▸ WHAT IS EXPECTED
Leaving all pictures out, output exactly and only the line containing "Eventually the sedan" and the lines that follow it to the end of the material below.

▸ SOURCE INFORMATION
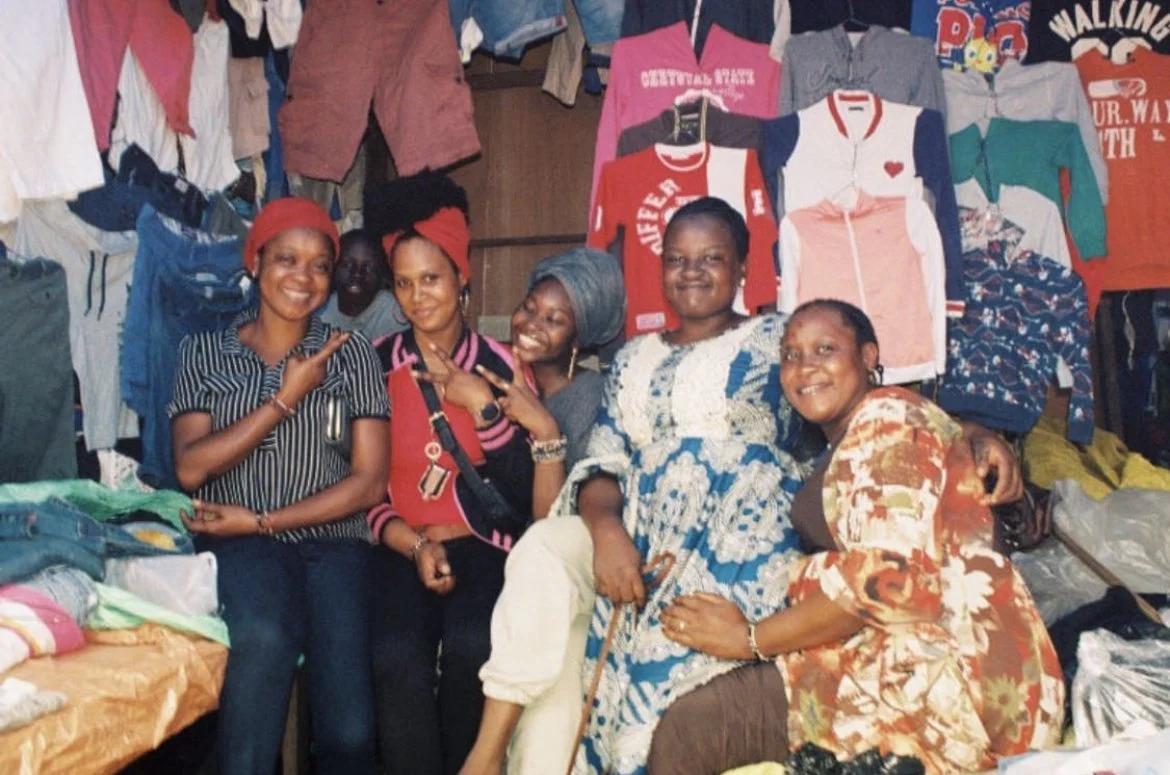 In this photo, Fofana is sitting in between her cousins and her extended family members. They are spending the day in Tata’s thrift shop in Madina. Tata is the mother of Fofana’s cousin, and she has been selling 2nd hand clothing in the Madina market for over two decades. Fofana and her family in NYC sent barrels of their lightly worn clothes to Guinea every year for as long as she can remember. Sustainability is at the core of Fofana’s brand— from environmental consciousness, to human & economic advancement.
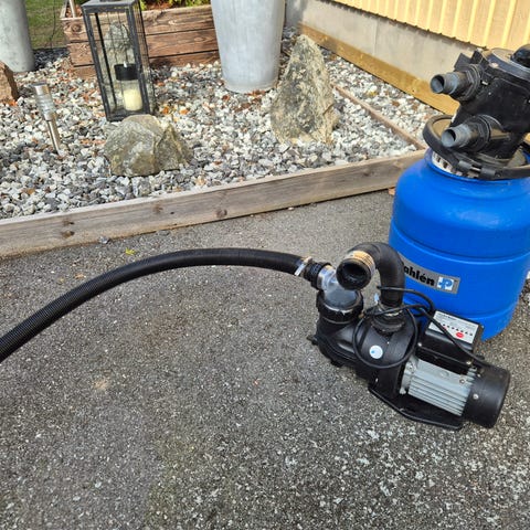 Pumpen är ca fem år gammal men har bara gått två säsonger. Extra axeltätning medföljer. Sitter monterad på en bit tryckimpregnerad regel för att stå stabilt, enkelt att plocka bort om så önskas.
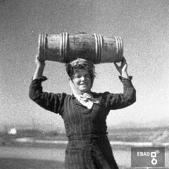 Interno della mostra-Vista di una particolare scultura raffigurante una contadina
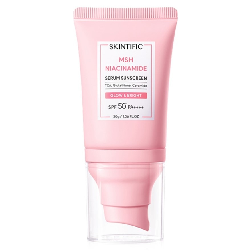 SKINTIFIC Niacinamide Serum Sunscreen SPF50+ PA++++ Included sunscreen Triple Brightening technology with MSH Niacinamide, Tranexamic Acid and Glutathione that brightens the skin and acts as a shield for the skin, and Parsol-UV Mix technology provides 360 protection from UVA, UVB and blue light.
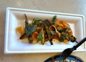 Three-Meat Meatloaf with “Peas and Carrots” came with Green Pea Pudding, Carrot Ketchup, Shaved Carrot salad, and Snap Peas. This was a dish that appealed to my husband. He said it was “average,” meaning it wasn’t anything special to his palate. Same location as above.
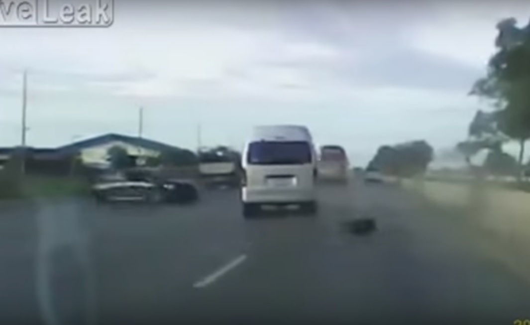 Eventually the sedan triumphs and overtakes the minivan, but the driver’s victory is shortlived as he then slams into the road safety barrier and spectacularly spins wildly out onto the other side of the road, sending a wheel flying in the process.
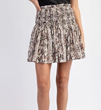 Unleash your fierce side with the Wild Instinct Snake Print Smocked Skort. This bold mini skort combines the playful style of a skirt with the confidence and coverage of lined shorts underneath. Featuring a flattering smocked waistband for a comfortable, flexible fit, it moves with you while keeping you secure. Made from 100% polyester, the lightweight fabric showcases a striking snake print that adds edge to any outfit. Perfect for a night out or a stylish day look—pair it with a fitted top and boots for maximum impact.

▸ TASK RESULT
 Eventually the sedan triumphs and overtakes the minivan, but the driver’s victory is shortlived as he then slams into the road safety barrier and spectacularly spins wildly out onto the other side of the road, sending a wheel flying in the process.
 Unleash your fierce side with the Wild Instinct Snake Print Smocked Skort. This bold mini skort combines the playful style of a skirt with the confidence and coverage of lined shorts underneath. Featuring a flattering smocked waistband for a comfortable, flexible fit, it moves with you while keeping you secure. Made from 100% polyester, the lightweight fabric showcases a striking snake print that adds edge to any outfit. Perfect for a night out or a stylish day look—pair it with a fitted top and boots for maximum impact.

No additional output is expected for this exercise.